Data records
[Start of Attachment]
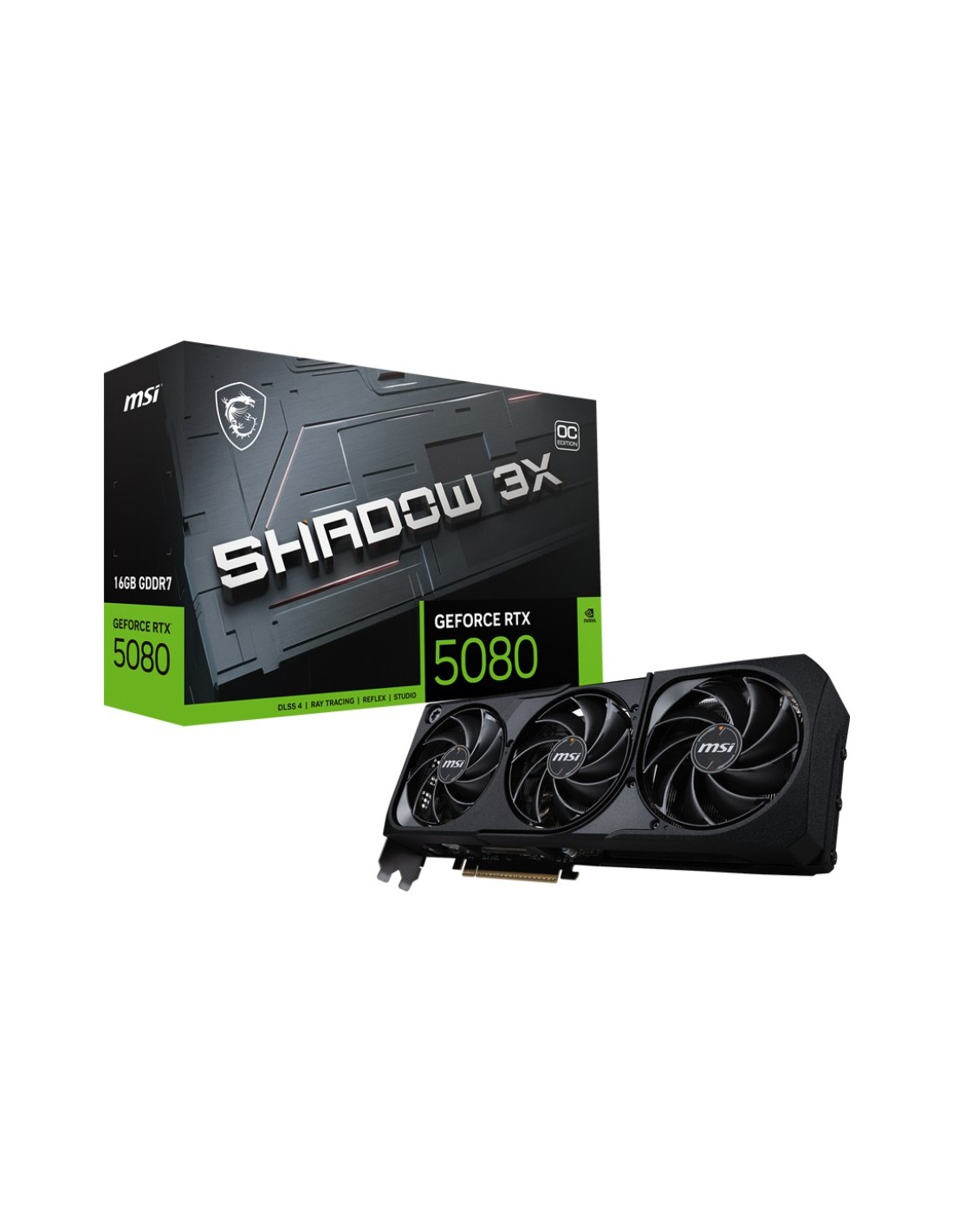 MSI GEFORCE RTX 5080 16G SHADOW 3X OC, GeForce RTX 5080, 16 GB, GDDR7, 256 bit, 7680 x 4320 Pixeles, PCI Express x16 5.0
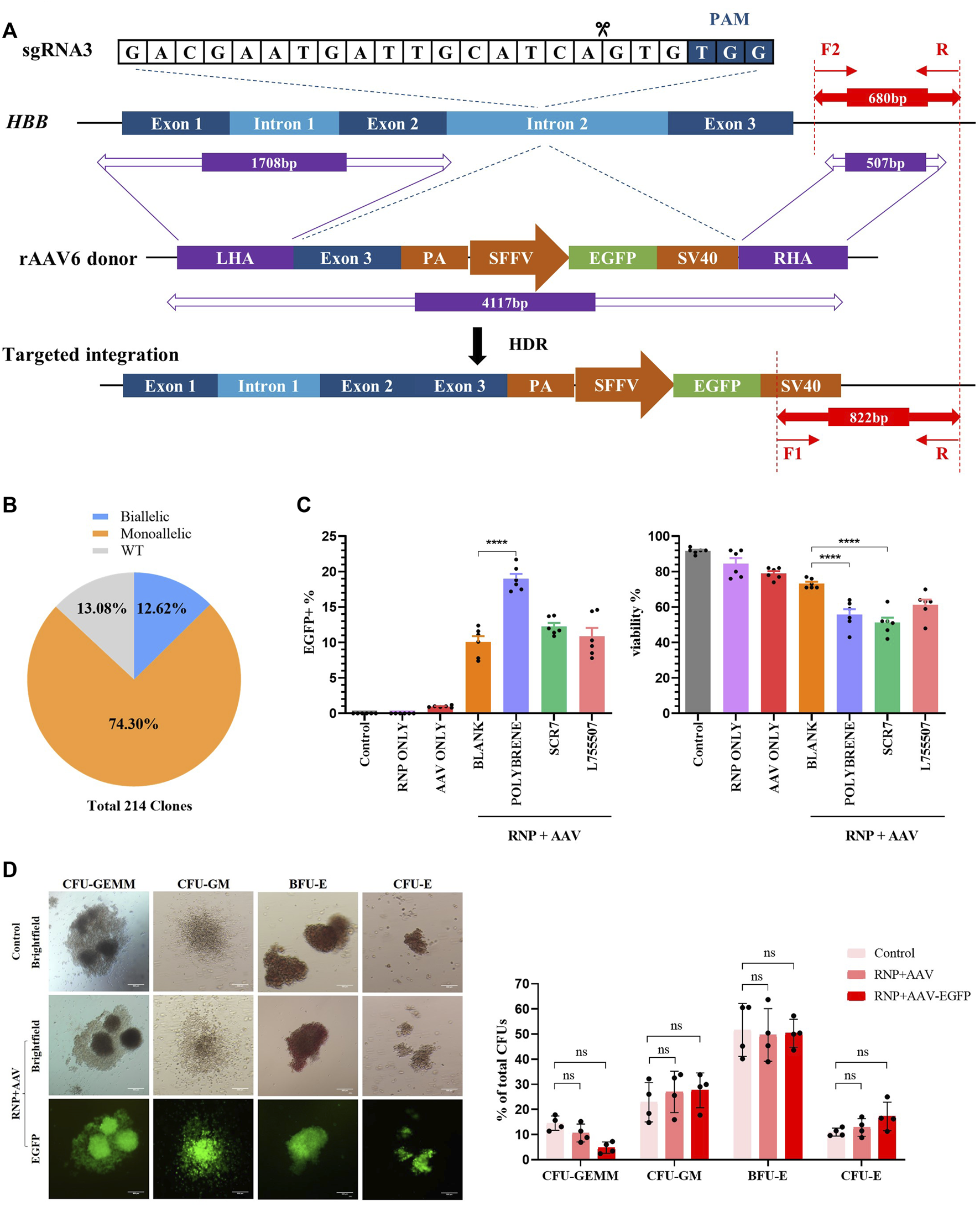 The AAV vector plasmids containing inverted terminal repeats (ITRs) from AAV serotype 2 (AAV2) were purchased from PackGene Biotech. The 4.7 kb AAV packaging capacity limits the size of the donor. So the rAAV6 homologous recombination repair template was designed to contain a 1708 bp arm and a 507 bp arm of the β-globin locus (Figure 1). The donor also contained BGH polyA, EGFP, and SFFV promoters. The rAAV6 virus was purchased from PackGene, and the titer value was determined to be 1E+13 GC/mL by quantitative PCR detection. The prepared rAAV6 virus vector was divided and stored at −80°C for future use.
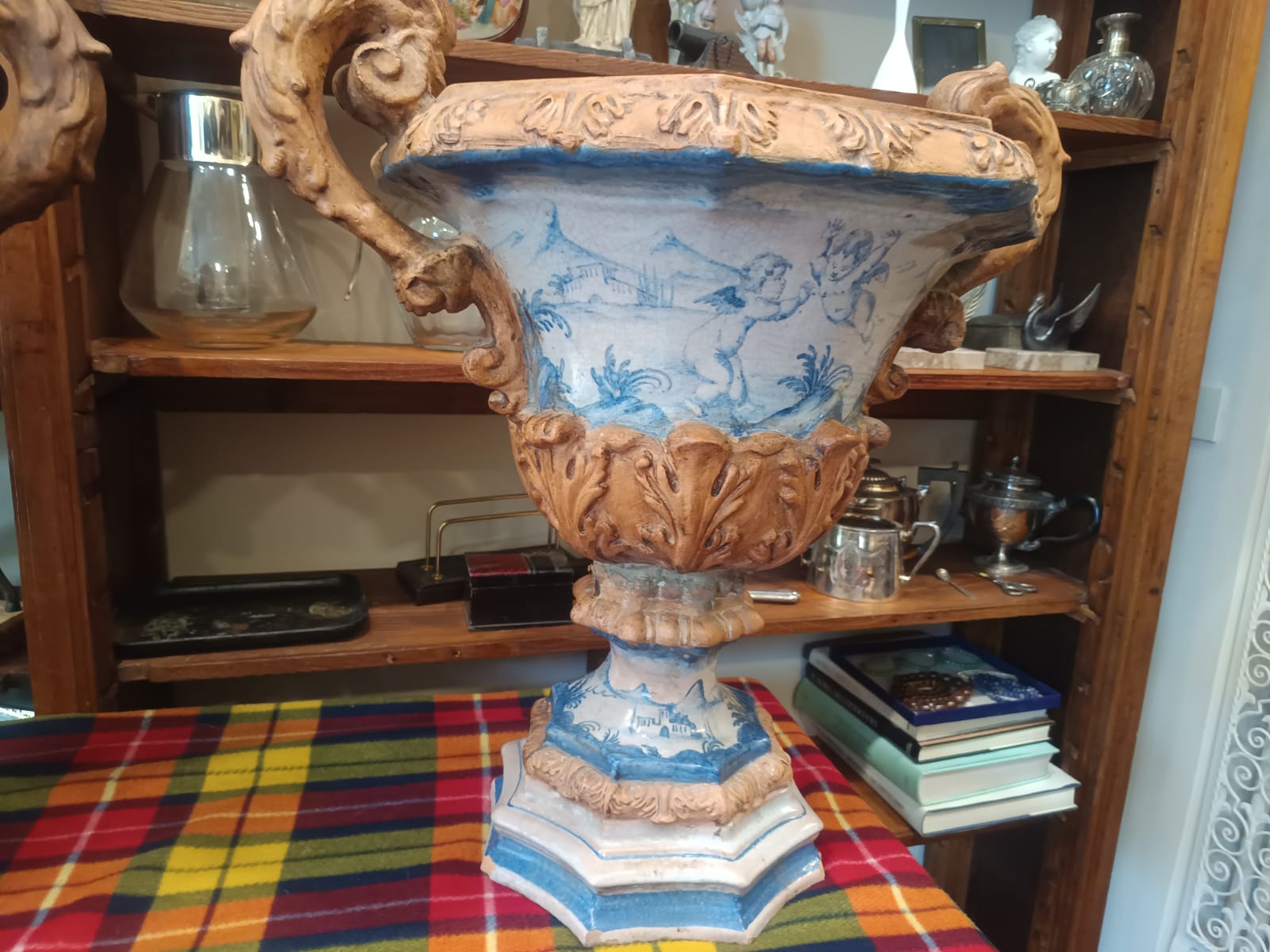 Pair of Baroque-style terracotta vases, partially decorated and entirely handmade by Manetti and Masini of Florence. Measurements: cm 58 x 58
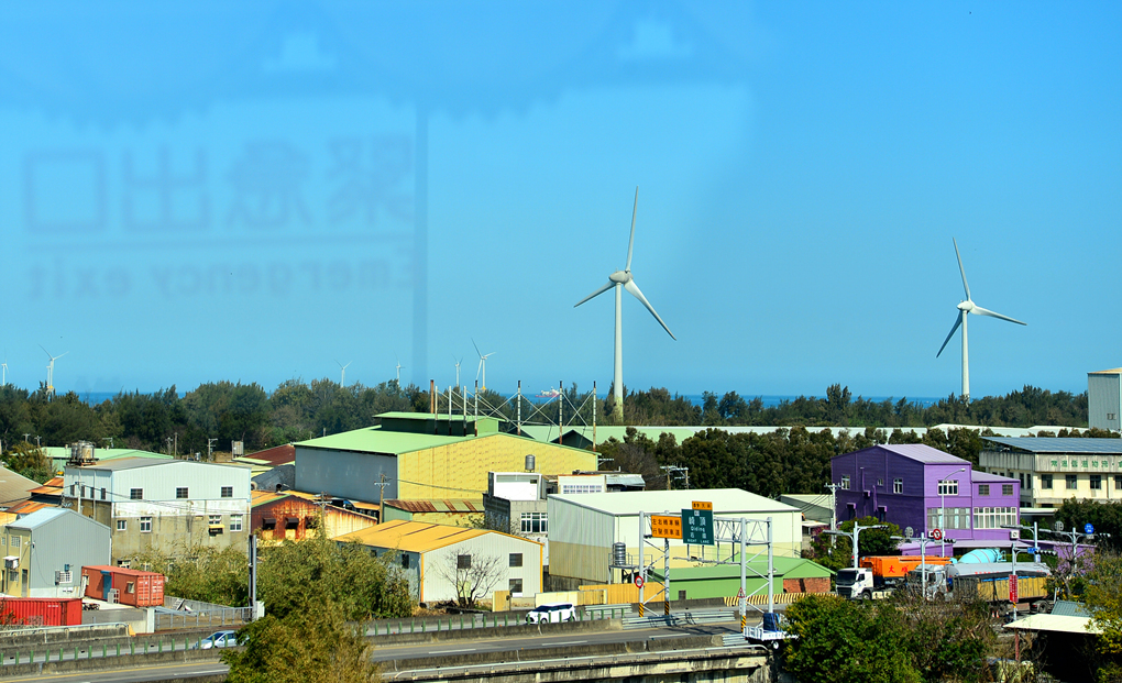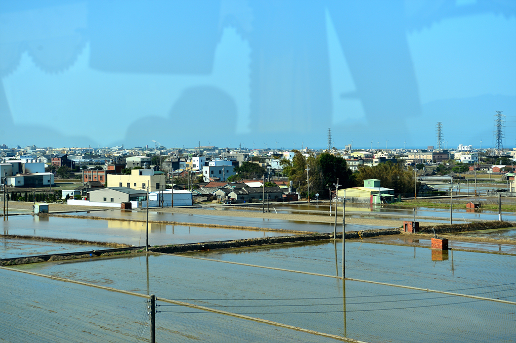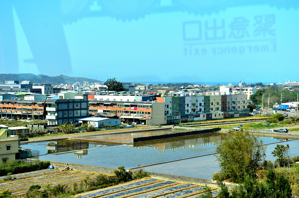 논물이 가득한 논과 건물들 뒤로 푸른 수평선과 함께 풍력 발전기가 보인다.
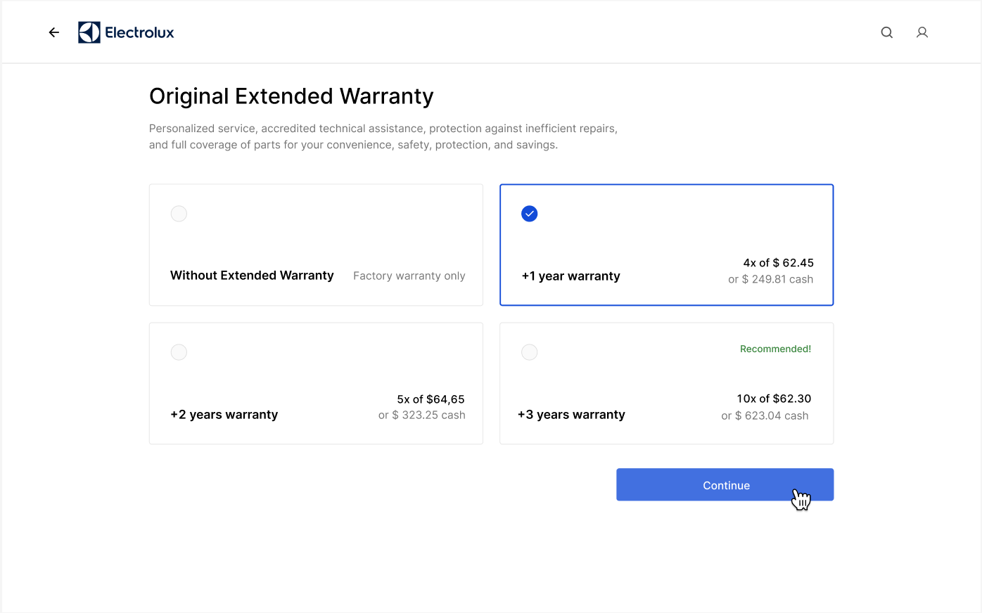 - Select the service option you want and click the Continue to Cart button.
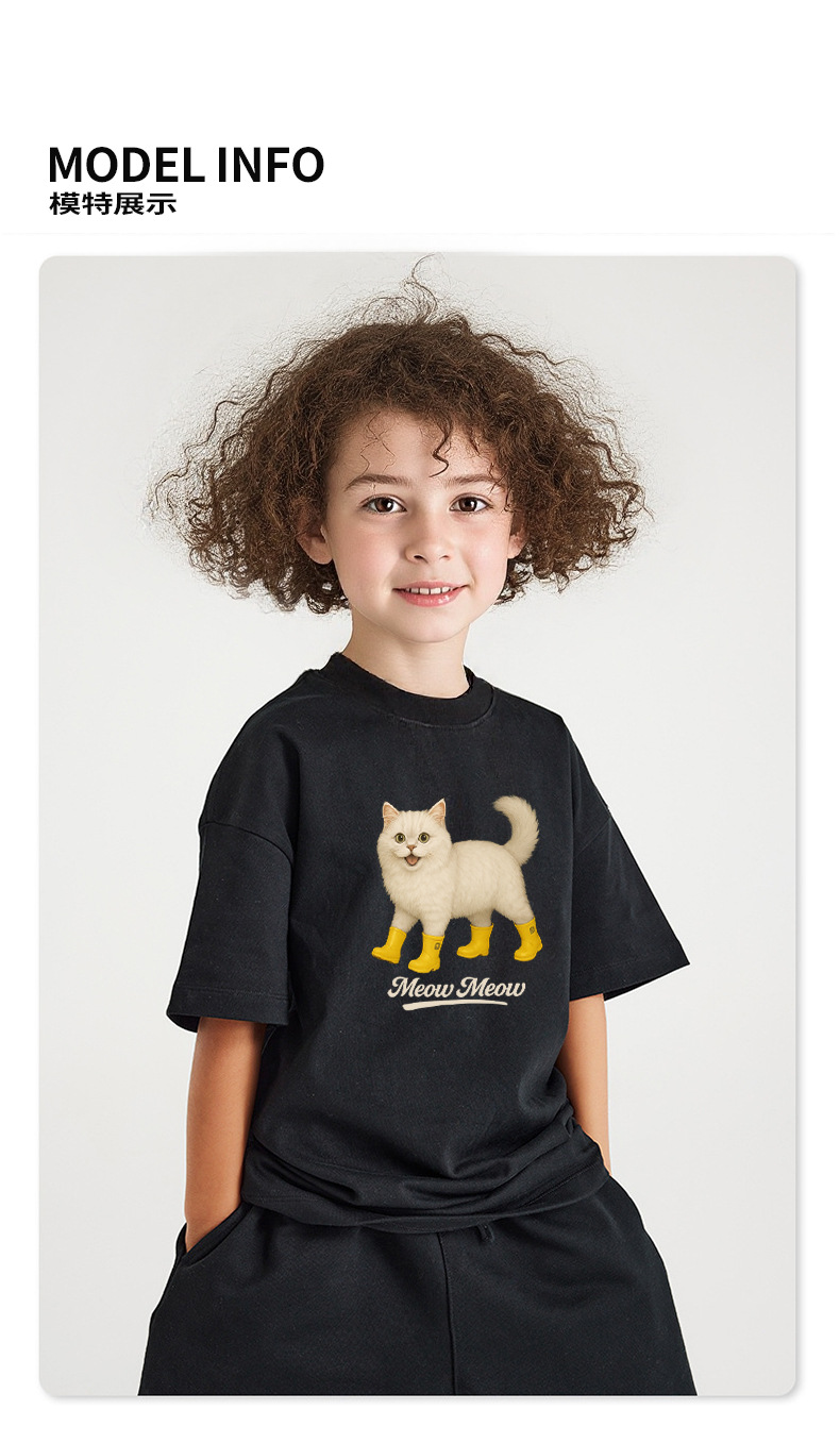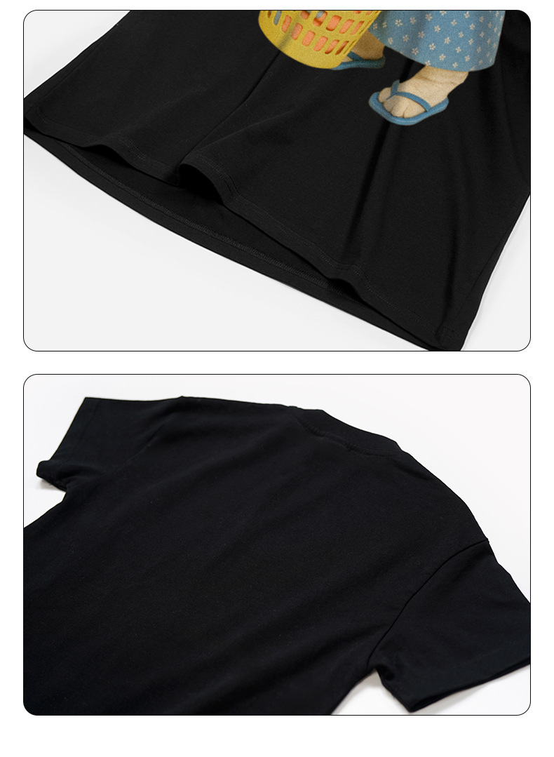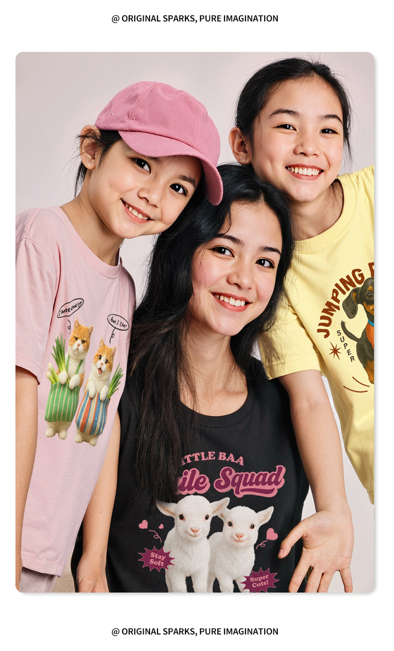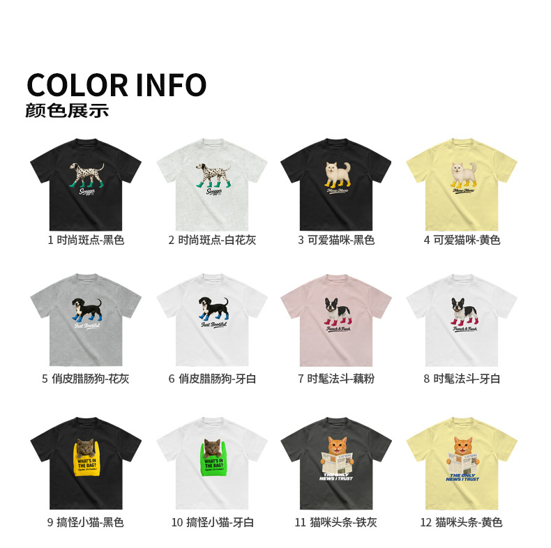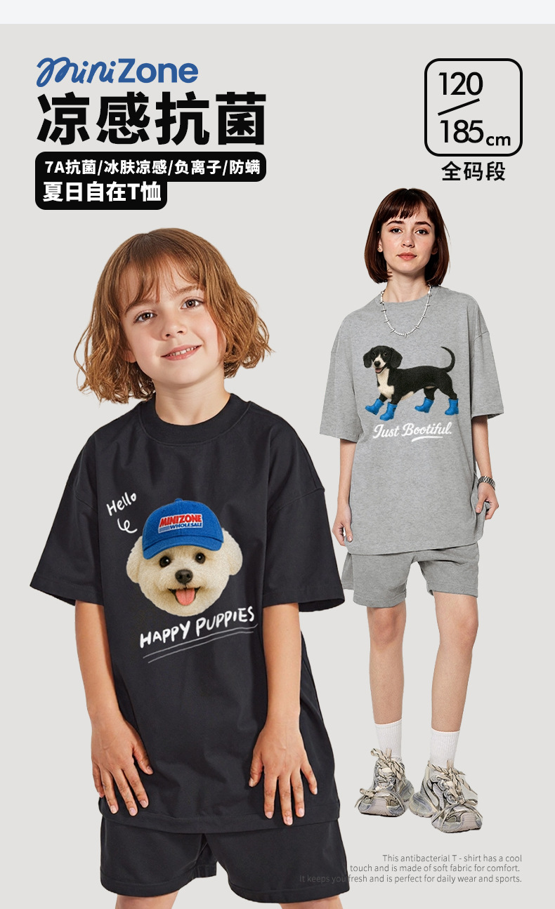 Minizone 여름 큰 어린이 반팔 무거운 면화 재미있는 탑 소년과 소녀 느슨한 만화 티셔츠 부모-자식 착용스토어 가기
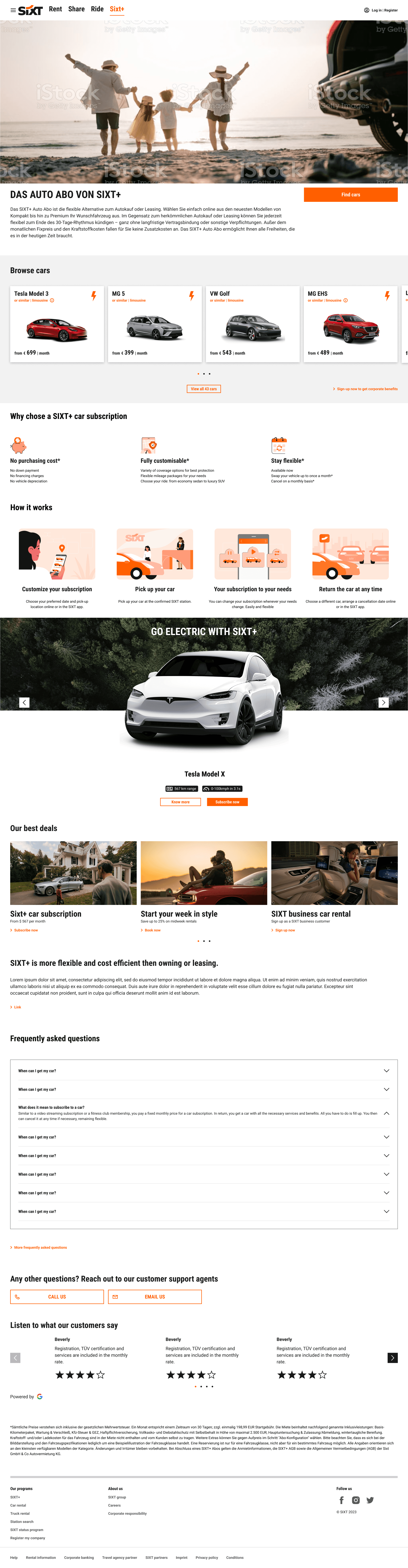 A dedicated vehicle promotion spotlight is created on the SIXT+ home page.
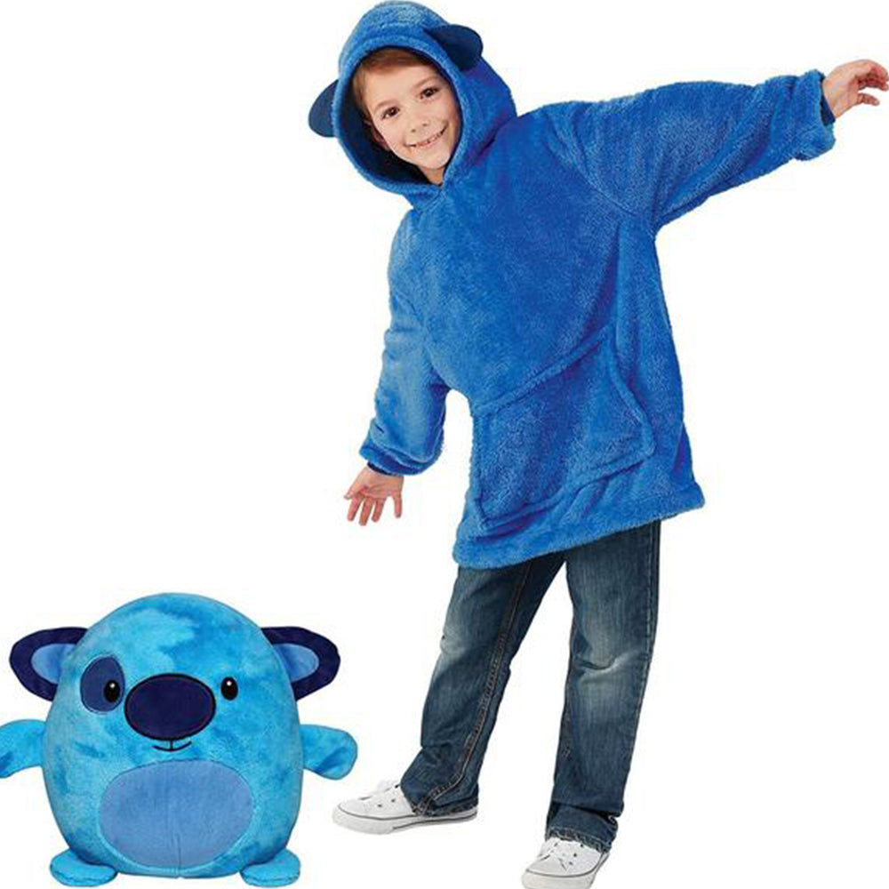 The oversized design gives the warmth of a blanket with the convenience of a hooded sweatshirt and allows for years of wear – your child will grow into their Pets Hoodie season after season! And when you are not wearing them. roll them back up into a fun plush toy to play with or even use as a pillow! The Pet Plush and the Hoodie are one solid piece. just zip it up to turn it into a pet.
[End of Attachment]
## Activity
Transcribe exactly, and only, the lines from the line with "논물이 가득한 논과 건물들 뒤로 푸른 수평선과 함께 풍력 발전기가 보인다." through the last line of the records, inclusive; the pictures do not belong in the copy.

## Answer below
 논물이 가득한 논과 건물들 뒤로 푸른 수평선과 함께 풍력 발전기가 보인다.
 - Select the service option you want and click the Continue to Cart button.
 Minizone 여름 큰 어린이 반팔 무거운 면화 재미있는 탑 소년과 소녀 느슨한 만화 티셔츠 부모-자식 착용스토어 가기
 A dedicated vehicle promotion spotlight is created on the SIXT+ home page.
 The oversized design gives the warmth of a blanket with the convenience of a hooded sweatshirt and allows for years of wear – your child will grow into their Pets Hoodie season after season! And when you are not wearing them. roll them back up into a fun plush toy to play with or even use as a pillow! The Pet Plush and the Hoodie are one solid piece. just zip it up to turn it into a pet.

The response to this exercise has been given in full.